But it was cheese, not bacon, that became the symbol of this bold new era. With milk and butter sales falling, the Milk Marketing Board was desperate to find something to do with its dairy surplus. Inside its processed-foods division, Dairy Crest, a ‘special products group’ contemplated ways of getting rid of it, from pre-grated cheese and flavoured butter to powdered yoghurt and, alarmingly, ‘artificial meat’ made from milk powder. What the Milk Marketing Board really wanted, though, was a ‘luxury cheese’, because under their arcane pricing system, Dairy Crest would have to pay them more for the milk. So Dairy Crest began work on a soft blue cheese to compete at home with Camembert and Brie and bite off a slice of the North American market. After testing it in Somerset, they enlisted an advertising agency, Butler Dennis Garland, to devise a name redolent of a ‘lightly wooded region of rolling hills and ancient buildings’. The advertisers suggested ‘Wymeswold’, but somebody pointed out that since there was already a place called Wymeswold, they would be deceiving the shopper. So they changed the name to ‘Lymeswold’.39
In September 1982 Peter Walker summoned the press to the Savoy Hotel in central London and unveiled Lymeswold to the world. The new cheese was ‘mild and creamy’, wrote one reporter, with a white rind that darkened with age. At more than £2 per pound it was expensive, but the whole point was that it was an upmarket product. What about the made-up name? ‘The Americans are crazy for that sort of thing,’ explained Dairy Crest’s marketing director. And Walker himself was in no doubt. Lymeswold, he said, would go down as ‘one of the great national success stories of the next twelve months’. It was ‘very delicious and very tasty, and I’ve been privileged to have it for some months now … My children are fans, we are fans, and if he can ever get any, my dog is a hell of a fan … What a marvellous bargain it is!’40
After such an introduction, Lymeswold could hardly fail to be a disaster. But the problem was not the cheese itself, which generally got good reviews. Even the label, which described it as ‘English, Blue and Mild’, seemed to have something for everyone. Nor did people seem to mind that it was entirely inauthentic, a cheese devised by committee. The problem was that the launch had been too successful. By chance, Dairy Crest had chosen a day on which there was very little other news. Almost every paper carried a picture of Peter Walker tucking into a lump of Lymeswold, the BBC and ITV ran reports on the evening news, and everybody remembered the remark about Walker’s dog. Perhaps there was a Falklands factor, too. With popular patriotism at extraordinary heights, news of ‘the first new British cheese for centuries’ went down even better than Dairy Crest had hoped. Quite apart from the news coverage, they had already spent £1 million on a television campaign promoting Lymeswold as the very acme of pastoral Englishness. The advertisement follows two French cheese enthusiasts, driving around Somerset in a Citroën 2CV. ‘Among people who know about good food’, a voiceover says, ‘the word is abroad that we British have perfected a new cheese. The word is … Lymeswold!’

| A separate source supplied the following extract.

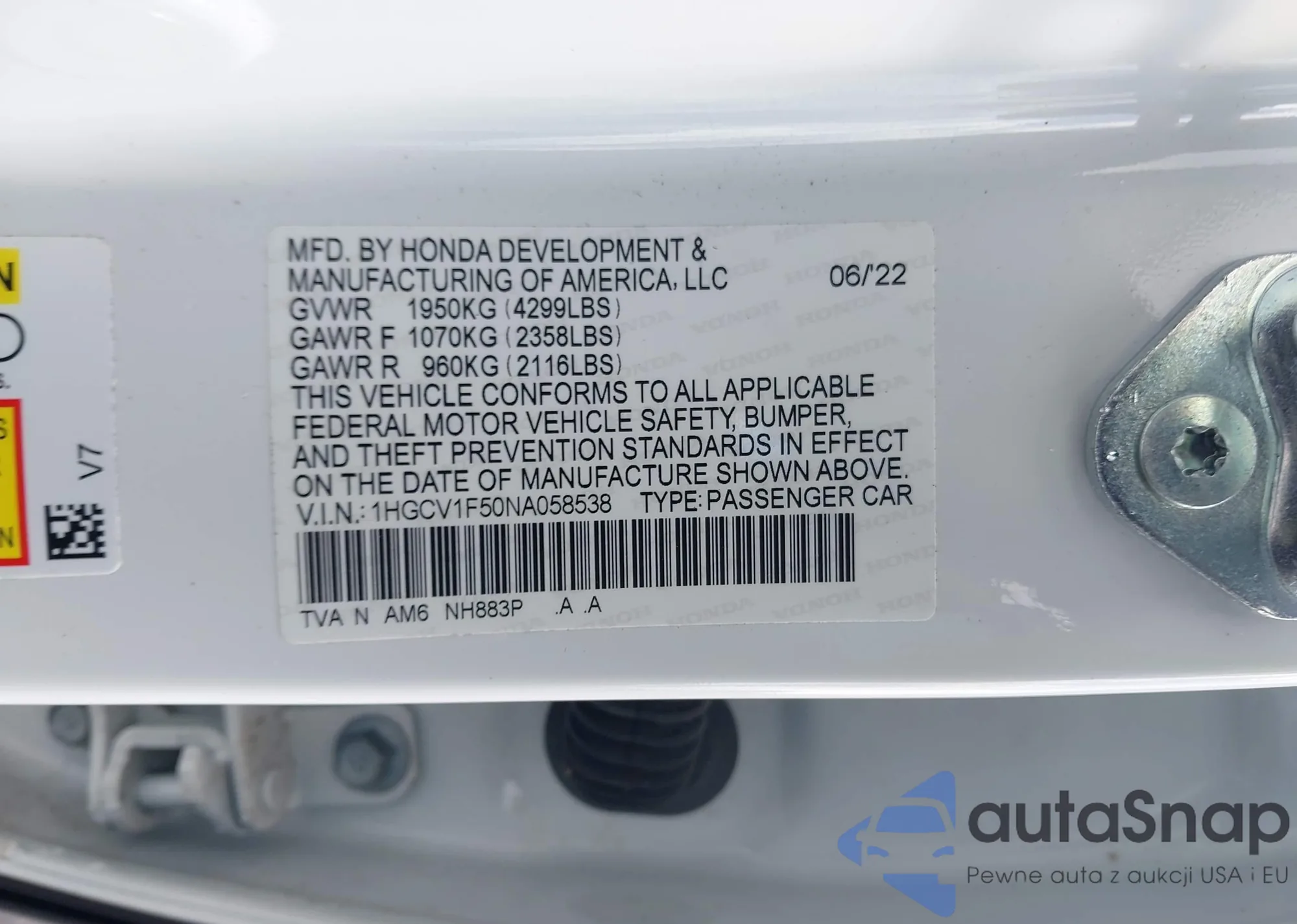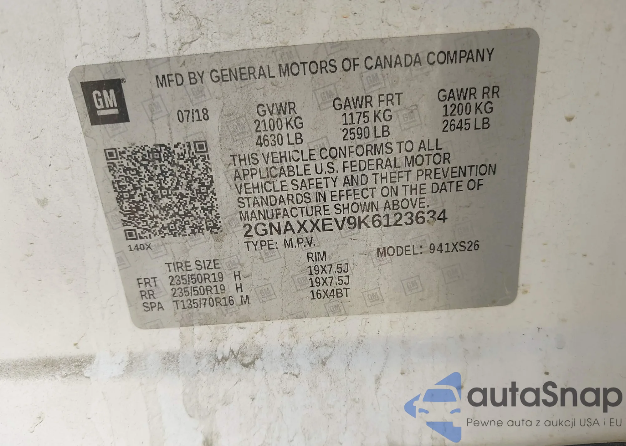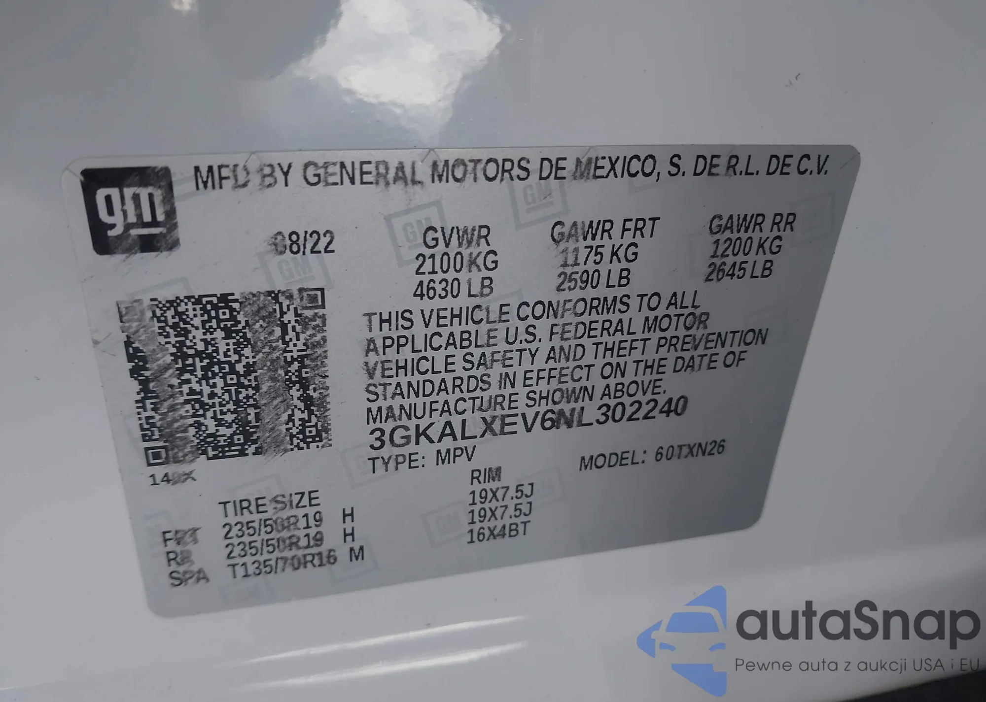 • VIN 3GKALXEV6NL302240

What followed was a public relations catastrophe. Popular demand was not just higher than Dairy Crest had anticipated; it was five times higher. Although they had spent millions on modernizing their Somerset dairy, production could not keep pace with demand. This was a familiar failing for British manufacturers in the 1980s, not least in the home computer industry. In any case, within two weeks of the launch Lymeswold had disappeared from the shelves. By early November, Sainsbury’s had completely run out. Harrods, where the price had reached £2.80 a pound, claimed to be turning away customers ‘in their thousands’. Even Fortnum & Mason, which had hiked up the price to an eye-watering £4, claimed to be experiencing ‘severe shortages’.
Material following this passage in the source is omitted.